Watch for: Track total_connections_received
and monitor the rate. Under steady traffic, you should see near-zero connection creation. If you’re creating dozens per second, your connection pooling is broken.
P999 Latency
P99 tells you what the slowest 1% of requests look like. P999 tells you what the slowest 0.1% look like. For a service handling 100,000 requests per second, P999 represents 100 requests every second. That’s not a tail – that’s a user experience problem at scale.
The gap between P99 and P999 is revealing. If P99 is 2ms but P999 is 80ms, you’ve got resource contention or network issues affecting a subset of requests.
Sub-millisecond P999 latency isn’t a nice-to-have – it’s the entire value proposition of caching for most production workloads. If your cache adds 50ms to even 0.1% of requests, it’s not making your application faster. It’s making it unpredictable. And unpredictable latency is worse than consistently slow latency.
Our internal SLA targets P999, not P99, because that’s where real systems break.
Watch for: P999 spiking while P99 stays flat (means a small percentage of requests are getting hammered by slow commands or resource contention).
Cache Miss Rate
Most dashboards show cache hit rate. We track cache miss rate (CMR).
This isn’t semantics, it’s a mental model shift. Cache hit rate dropping from 99% to 98% sounds trivial. A 1% drop seems fine, right? But reframe it: your cache miss rate just doubled from 1% to 2%. That’s a 100% increase in requests hitting your database.
We’ve seen production systems with 98% hit rates crashing down because the 2% of misses were expensive queries – 500ms database calls that overwhelmed backends the moment miss rates spiked.
Momento obsesses over cache miss rate spikes because they directly correlate to database load spikes. A cold cache, a botched deployment, a scale event – they all cause CMR to spike.
You need to track miss rate and miss latency together. If your misses cost 10-20ms, a 5% miss rate might be acceptable. If your misses cost 500ms, you need 99.5%+ hit rates or you need to rethink what you’re caching.
Watch for: CMR spikes during deployments, scaling events, or node failures.
Replication Lag
If you’re running Valkey with replication, lag between primary and replica is your early warning system.
Sustained lag above 1-2 seconds means something’s breaking: network saturation, write throughput exceeding replication capacity, or overloaded replicas.
We treat replication lag as a capacity planning signal. When lag trends upward, we add capacity or rebalance load before it cascades into failover problems.

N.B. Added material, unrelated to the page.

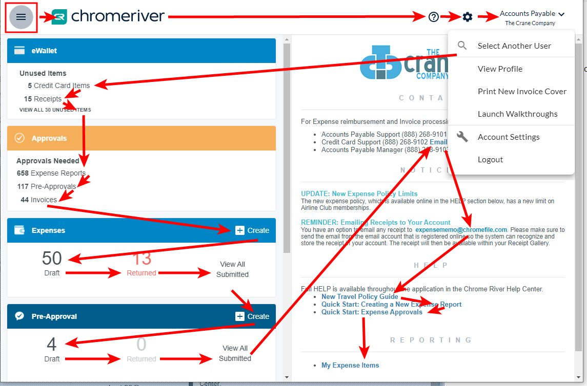 Navigating Emburse Enterprise The Navigation Bar remains at the top of your screen no matter where you are in the Emburse Enterprise application. Emburse Assistant If you're just getting started with Emburse Enterprise, Emburse Assistant is an invaluable tool located under the Help question mark in the upper right corner of Emburse Enterprise. In addition to a link to the Help Center, Emburse Assistant contains targeted announcements for users with administrator permissions and in-app guides for all users, including how-to walkthroughs and helpful tips. Announcements will pop up in the lower right corner of Emburse Enterprise when administrators log in. To view announcements later, simply click the Help question mark and select Announcements. Mouse/Touch Navigation Tap the QUESTION MARK icon to access the Emburse Enterprise Help Center. If you have appropriate permissions, you will see a GEAR icon that takes you straight to the Admin Settings menu. You may also access Admin Settings from the MENU in the upper left. Depending on the size of your screen, the Navigation Bar may display text or just icons. On smaller screens, the Help Center link is found in the USER icon drop-down menu. NAVIGATION Tap the MENU button in the upper left to navigate among the different Emburse Enterprise modules and go directly to the desired function in each. A menu will slide in from the left. If you are an approver, the items that require your approval will appear at the top. Depending on your organization’s configuration and your permissions, you may use the menu to access such features as expenses, invoices, the eWallet, eReceipts, Inquiry Reports, Emburse Analytics and the Admin Settings menu. Tap DASHBOARD to collapse the menu. HOME Tap the Emburse Enterprise Logo in the Navigation Bar to return to the Dashboard at any time. USER Depending on the size of your screen, you can click the USER icon or your User Name in the right corner of the Navigation Bar to see, choose, or act as a delegate; edit your account settings (including your password); access the Emburse Enterprise Help Center (on smaller screens); or log out of the application. Keyboard Navigation Users may also navigate among the user-interface elements inside Emburse Enterprise by using the Tab key. The first Tab keystroke will highlight the left navigation menu. The next Tab keystroke will highlight the Emburse Enterprise logo that functions as a “Home” button, and subsequent Tabs will highlight other options on the Dashboard in clockwise order around the interface. TAB: Move forward SHIFT then TAB: Move backward ENTER: Select a button or menu item ESC: Close an open menu or pop-up window Expense Report 1. Tab over to the + CREATE button and click ENTER. 3. Enter the Report name and tab through the remaining fields to enter the required information. 4. Tab though until the SAVE button is highlighted, then click ENTER to save. When creating and submitting expense reports and pre-approvals in Emburse Enterprise on a desktop device, you will need to press CTRL + ENTER for PCs or COMMAND + ENTER for Macs in order to save and leave edit mode. Click ESC to cancel. Was this article helpful? Yes No

Watch for: Monitor the difference between master_repl_offset
and slave_repl_offset
. Sustained lag above 1-2 seconds or unbounded growth means you need to act.
What We’ve Learned
Every metric here is available in open source Valkey right now. But knowing what to monitor is only 10% of the problem. Building systems that automatically respond to these signals – that warm nodes during deployments, that scale before CMR spikes, that maintain sub-millisecond P999 under load – that’s the other 90%.
The difference between a team that gets paged at 2 AM and a team that sleeps through the night isn’t luck. It’s picking the right metrics and treating them as predictive signals, not reactive alarms.
Start with these five. Establish baselines. Set alerts on rate-of-change. When those alerts fire, you’ll know exactly what’s breaking before your users do.